Each line below from the "勢いよく流れるドイツとスイスの国境を流れるライン川の滝" line through the "鄂尔多斯供电公司2024年达" line, those two included, must be restated word for word; the pictures must not be.

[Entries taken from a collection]
=== Begin Enclosure ===

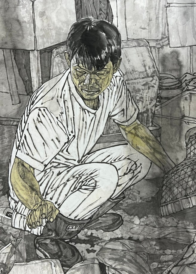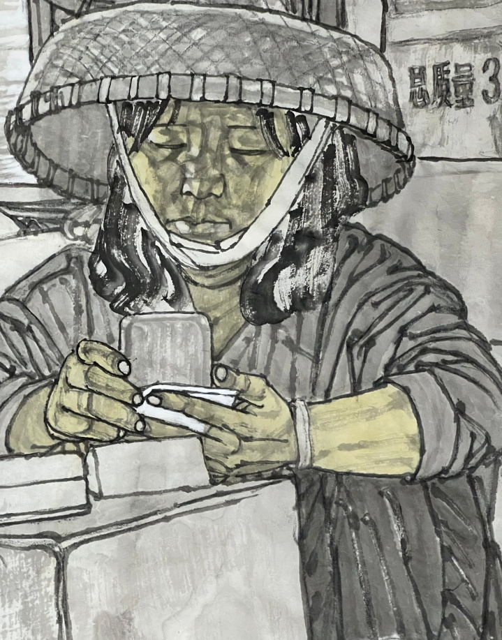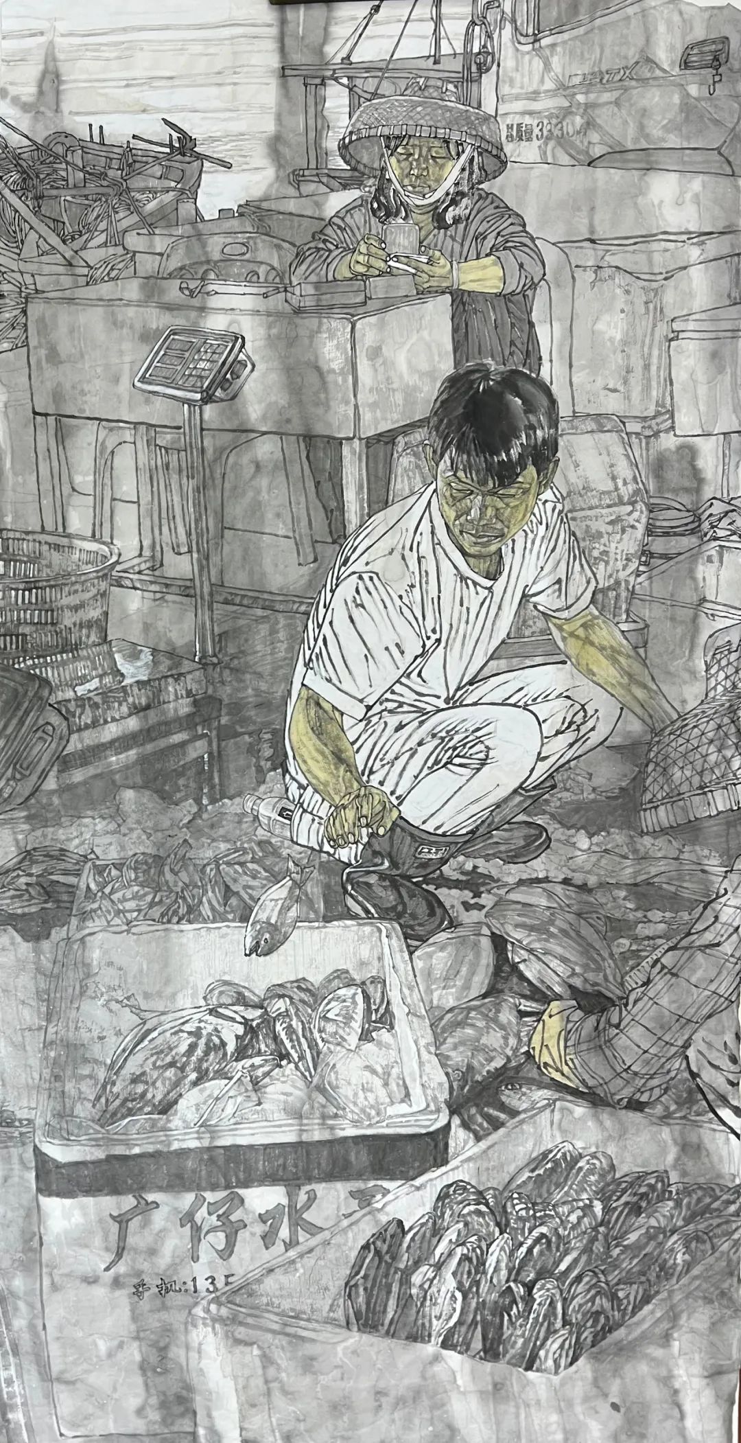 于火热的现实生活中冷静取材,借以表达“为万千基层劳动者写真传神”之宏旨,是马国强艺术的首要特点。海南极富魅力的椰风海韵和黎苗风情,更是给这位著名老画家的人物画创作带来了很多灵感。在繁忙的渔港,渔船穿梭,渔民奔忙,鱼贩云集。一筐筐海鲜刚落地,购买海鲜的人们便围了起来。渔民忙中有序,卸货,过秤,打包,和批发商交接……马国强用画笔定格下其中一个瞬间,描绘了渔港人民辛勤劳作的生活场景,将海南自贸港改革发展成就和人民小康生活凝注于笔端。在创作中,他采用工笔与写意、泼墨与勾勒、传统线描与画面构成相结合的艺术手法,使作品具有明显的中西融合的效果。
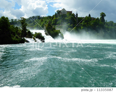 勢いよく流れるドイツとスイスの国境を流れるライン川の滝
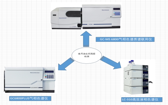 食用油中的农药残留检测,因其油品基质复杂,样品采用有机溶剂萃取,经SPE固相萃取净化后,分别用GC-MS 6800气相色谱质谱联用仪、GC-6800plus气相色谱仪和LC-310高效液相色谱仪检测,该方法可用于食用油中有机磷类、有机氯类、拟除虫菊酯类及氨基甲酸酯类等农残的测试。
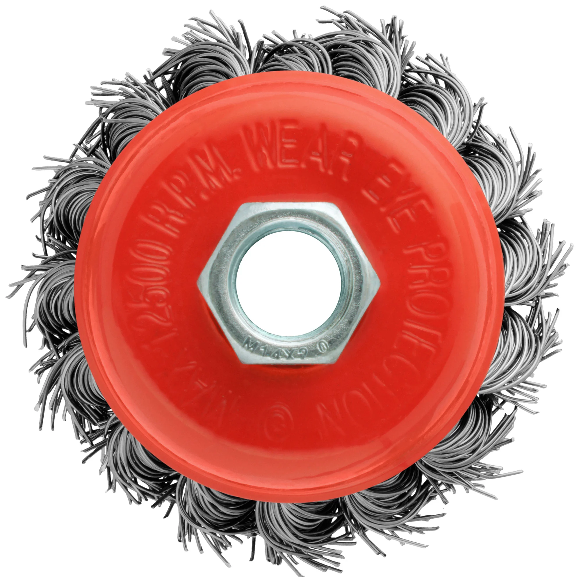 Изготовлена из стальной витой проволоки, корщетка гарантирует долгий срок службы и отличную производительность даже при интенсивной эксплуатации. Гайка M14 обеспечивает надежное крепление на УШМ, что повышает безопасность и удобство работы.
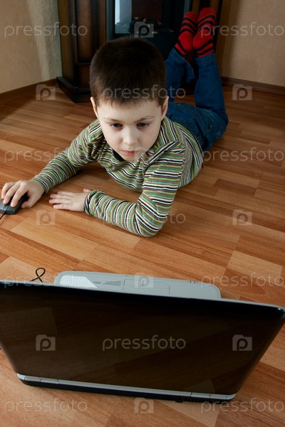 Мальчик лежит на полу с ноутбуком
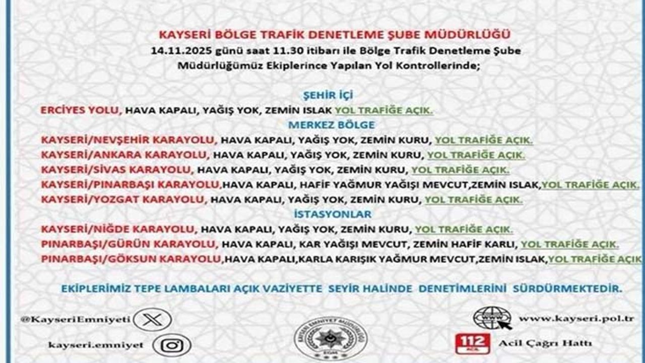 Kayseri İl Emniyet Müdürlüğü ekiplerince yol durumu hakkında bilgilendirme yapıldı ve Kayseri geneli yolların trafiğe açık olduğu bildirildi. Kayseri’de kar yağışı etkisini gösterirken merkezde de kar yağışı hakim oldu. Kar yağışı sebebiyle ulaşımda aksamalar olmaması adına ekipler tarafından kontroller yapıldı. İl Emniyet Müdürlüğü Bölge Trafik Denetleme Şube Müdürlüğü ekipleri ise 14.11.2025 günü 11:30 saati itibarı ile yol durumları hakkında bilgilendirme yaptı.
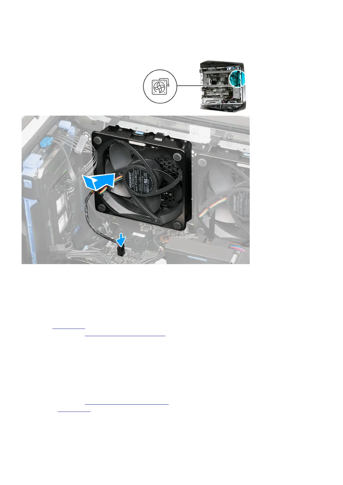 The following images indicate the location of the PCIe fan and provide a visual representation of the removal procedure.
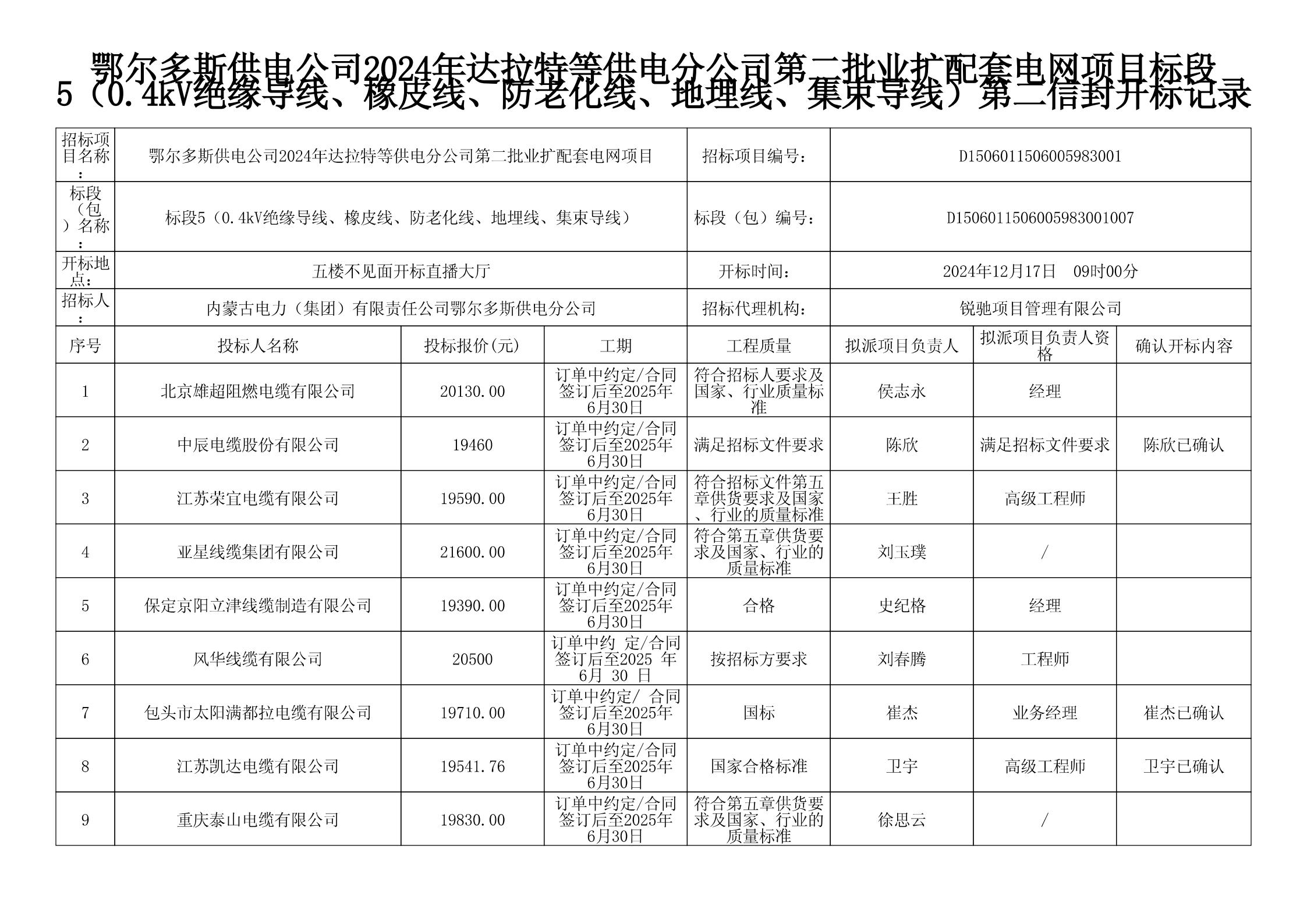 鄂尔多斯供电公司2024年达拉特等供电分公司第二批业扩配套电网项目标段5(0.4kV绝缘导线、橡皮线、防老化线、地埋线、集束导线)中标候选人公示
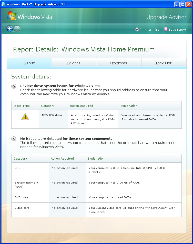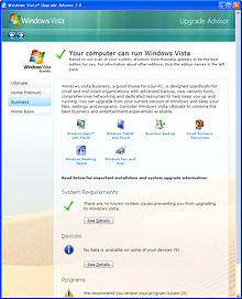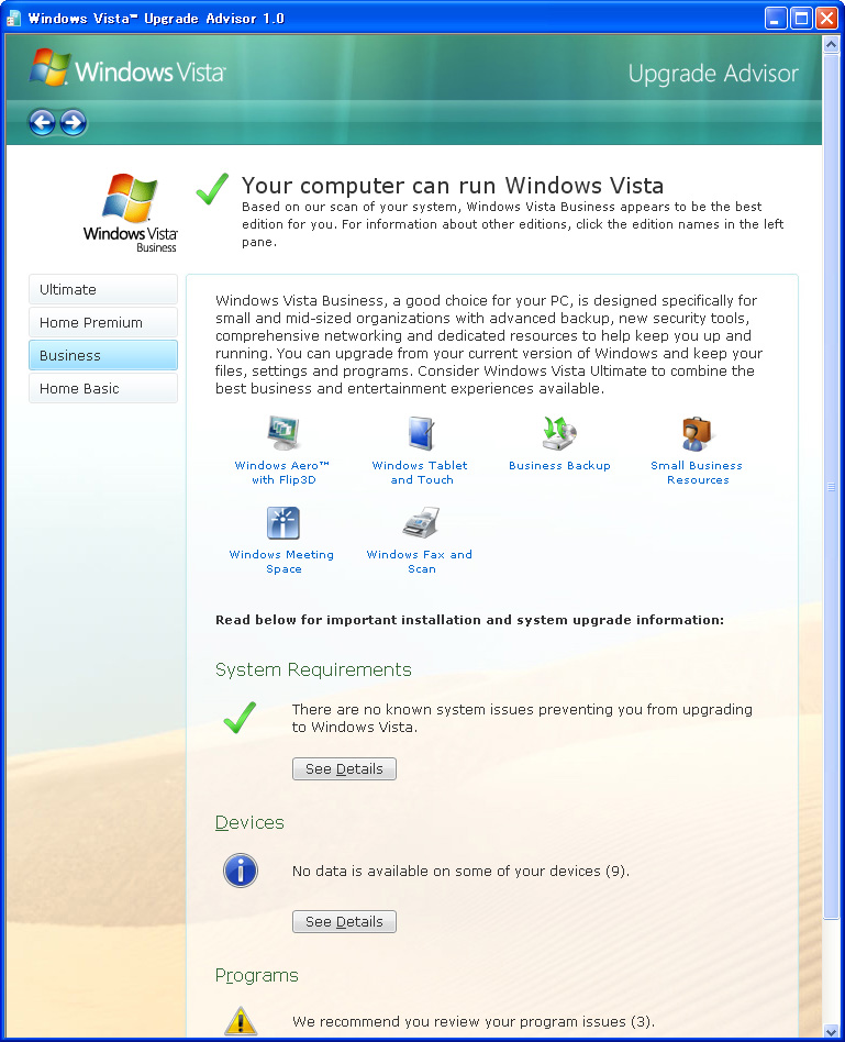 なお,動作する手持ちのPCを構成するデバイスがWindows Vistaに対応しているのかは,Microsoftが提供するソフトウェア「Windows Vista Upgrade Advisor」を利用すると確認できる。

=== End Enclosure ===

**ANSWER TO THIS PROBLEM:**
 勢いよく流れるドイツとスイスの国境を流れるライン川の滝
 食用油中的农药残留检测,因其油品基质复杂,样品采用有机溶剂萃取,经SPE固相萃取净化后,分别用GC-MS 6800气相色谱质谱联用仪、GC-6800plus气相色谱仪和LC-310高效液相色谱仪检测,该方法可用于食用油中有机磷类、有机氯类、拟除虫菊酯类及氨基甲酸酯类等农残的测试。
 Изготовлена из стальной витой проволоки, корщетка гарантирует долгий срок службы и отличную производительность даже при интенсивной эксплуатации. Гайка M14 обеспечивает надежное крепление на УШМ, что повышает безопасность и удобство работы.
 Мальчик лежит на полу с ноутбуком
 Kayseri İl Emniyet Müdürlüğü ekiplerince yol durumu hakkında bilgilendirme yapıldı ve Kayseri geneli yolların trafiğe açık olduğu bildirildi. Kayseri’de kar yağışı etkisini gösterirken merkezde de kar yağışı hakim oldu. Kar yağışı sebebiyle ulaşımda aksamalar olmaması adına ekipler tarafından kontroller yapıldı. İl Emniyet Müdürlüğü Bölge Trafik Denetleme Şube Müdürlüğü ekipleri ise 14.11.2025 günü 11:30 saati itibarı ile yol durumları hakkında bilgilendirme yaptı.
 The following images indicate the location of the PCIe fan and provide a visual representation of the removal procedure.
 鄂尔多斯供电公司2024年达拉特等供电分公司第二批业扩配套电网项目标段5(0.4kV绝缘导线、橡皮线、防老化线、地埋线、集束导线)中标候选人公示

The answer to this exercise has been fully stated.